Wahlen in Großbritannien

Brexit ohne Vision

Die britische Premierministerin Theresa May hat bei einer überraschenden Ansprache Neuwahlen angekündigt.
Theresa May kündigt vorgezogene Parlamentswahlen an. © imago
Von Erik Albrecht |
Heute finden in Großbritannien Stadtratswahlen statt. Sie sind der letzte Stimmungstest vor den vorgezogenen Parlamentswahlen im Juni. Premierministerin Theresa May verspricht sich davon mehr Stabilität für den Brexit. Sie drohen das Land weiter zu spalten, sagt Erik Albrecht.
Jetzt also auch noch eine Parlamentswahl. Als ob Großbritannien derzeit mit dem Brexit nicht genug zu tun hätte. Ein Wahlkampf gegen Labour sei derzeit so einfach, wie Goldfische in einem Aquarium zu jagen, sagte mir neulich ein Politologe. Parteitaktisch kann man Theresa Mays Entscheidung für Neuwahlen also durchaus verstehen. Ihre Chancen stehen so gut wie noch nie. Die Labour-Partei dümpelt heillos zerstritten im Umfragetief. Kaum jemand traut ihrem Chef Jeremy Corbyn zu, Premierminister zu sein.

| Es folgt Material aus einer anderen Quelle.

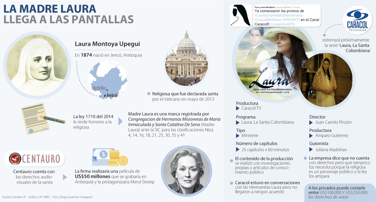 Al respecto, Guillermo Navarro, socio de Muñoz Abogados dijo que si bien la serie se llamará ‘Laura, La Santa Colombiana’, Caracol en ninguna pauta o actividad comercial podrá invitar al público expresando textualmente que “vean la serie de La Madre Laura” porque si lo hace estarían infringiendo el derecho de marca de la Congregación.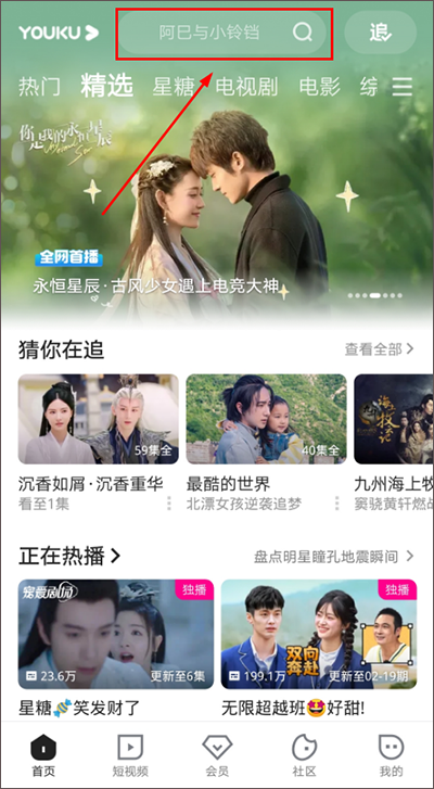 1、打开登录优酷视频app,点击首页内的搜索栏,查找想要观看的电视剧;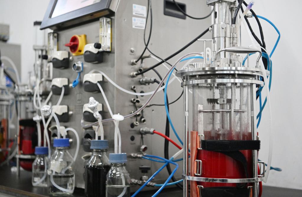 走進(jìn)天津大學(xué)(武清)前沿技術(shù)研究院合成生物學(xué)實(shí)驗室,多通道發(fā)酵罐內,攪拌槳快速旋轉,釀酒酵母細胞工廠(chǎng)正在源源不斷生產(chǎn)番茄紅素,空氣中彌漫著(zhù)一股醇香的味道。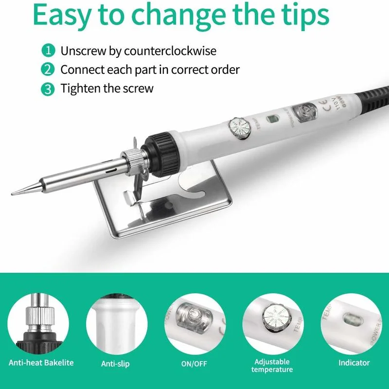 1: комплект паяльника поставляется с кнопкой включения питания и кнопкой регулировки температуры, поэтому его можно свободно и легко включать/выключать или регулировать нужную вам температуру. 2: изготовлен по японской технологии точной печати, а комплект для пайки может спечиться при высокой температуре и сохранять длительное использование. 3: Если вы хотите научиться паять, этот стартовый набор для паяльника идеально подходит для ваших нужд. Это очень удобно и компактно. 4: нескользящая Мягкая резиновая ручка для максимального комфорта и безопасной пайки.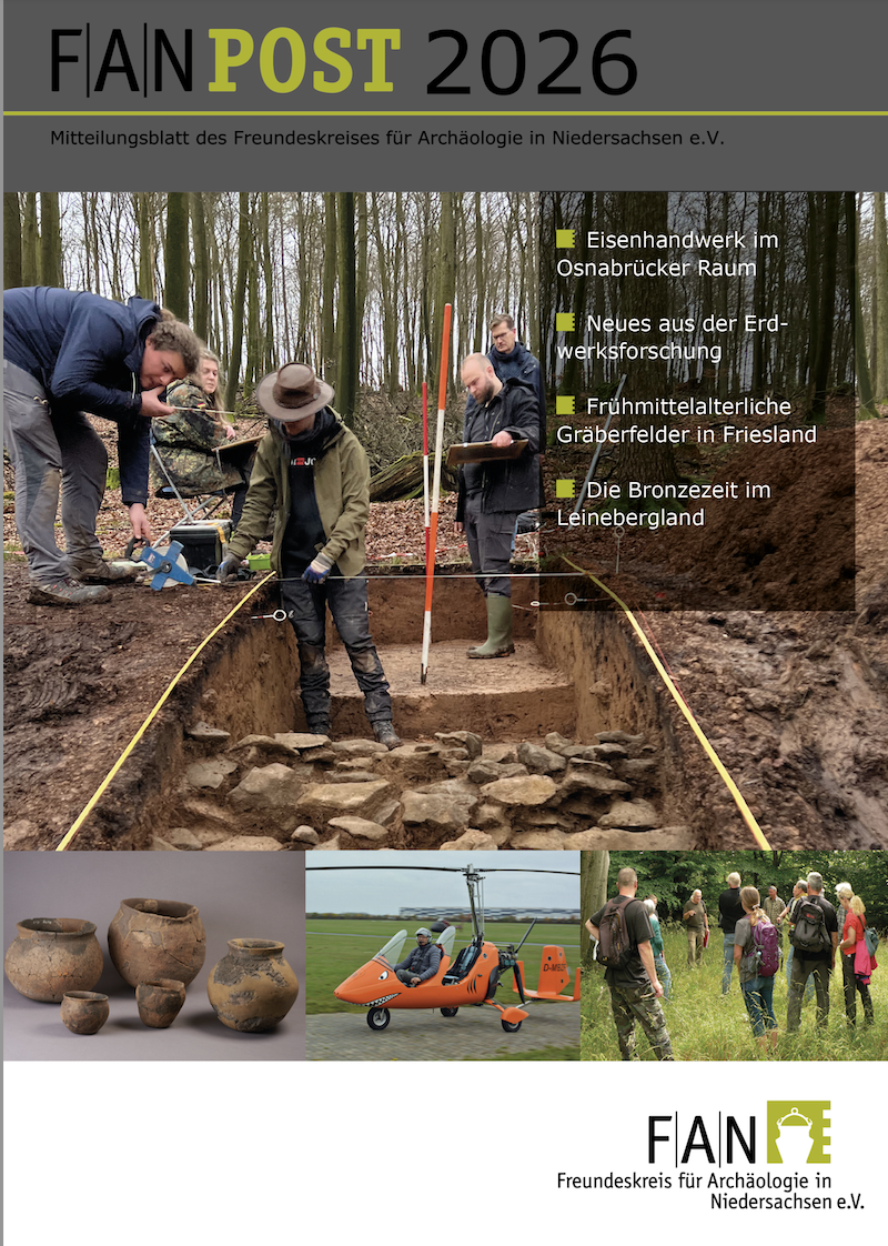 ![]() FAN-Newsletter Liebe Mitglieder im FAN, Herr Freese weist darauf hin, dass er aus privaten Gründen die Wanderung im Landkreis Verden am Samstag, den 28. März sowie die Exkursion zu den „Celtic Fields“ im Waldgebiet Süsing am Samstag, den 11. April in diesem Frühjahr nicht durchführen kann, sie finden voraussichtlich im Herbst oder im nächsten Jahr statt. Gestern ist die neue Ausgabe der FAN-Post verschickt worden. Sollte jemand die FAN-Post nicht erhalten haben, bitte Bescheid geben. Hier ist die Ausgabe online. ![]() FAN Fundarbeitsgruppe Das nächste Treffen der FAN Fundarbeitsgruppe findet am Dienstag, den 14. April um 13:00 Uhr im NLD statt. Aktuell fotografieren wir Funde aus der Sammlung Amme aus dem Leinetal. Bei Interesse bitte unter utz.boehner@nld.niedersachsen.de melden. Beste Grüße der FAN-Vorstand Freundeskreis für Archäologie in Niedersachsen e.V. c/o Niedersächsisches Landesamt für Denkmalpflege Scharnhorststr. 1 30175 Hannover https://freundeskreis-fuer-archaeologie.de |

Brexit-Skeptiker werden als "Volksfeinde" gebrandmarkt

May verspricht Stabilität. Doch die wird auch ein haushoher Sieg ihrer Tories nicht bringen. Nicht in Zeiten des Brexits. Ein Preis für die Neuwahlen steht dagegen jetzt schon fest: ein noch tiefer gespaltenes Land. Die Premierministerin schürt derzeit eine Stimmung wie in einer belagerten Festung: das Vereinigte Königreich gegen die anderen 27 EU-Staaten. Um in den Verhandlungen stark zu sein, brauche es "Einigkeit", so Mays Argumentation. Kritik an ihrer Politik schadet aus ihrer Sicht dem Wohl des Landes, weil sie ihre Verhandlungsposition schwächen könnte.
In Leeds, einer traditionellen Labour-Hochburg, rief May in der vergangenen Woche Labour-Wähler dazu auf, diesmal für sie zu stimmen – "im nationalen Interesse", wohlgemerkt. Da ist es nicht mehr weit bis zu den "Saboteuren" und "Volksfeinden", als die die rechte Boulevard-Presse die Opposition und Richter brandmarkt.
Der Ton ist rau geworden in der britischen Politik. Im Referendum waren die Pro-Europäer mit 48 Prozent nur knapp unterlegen. Wer heute auch nur auf die Gefahren eines EU-Austritts hinweist, wird als Verräter an den nationalen Interessen verschrien.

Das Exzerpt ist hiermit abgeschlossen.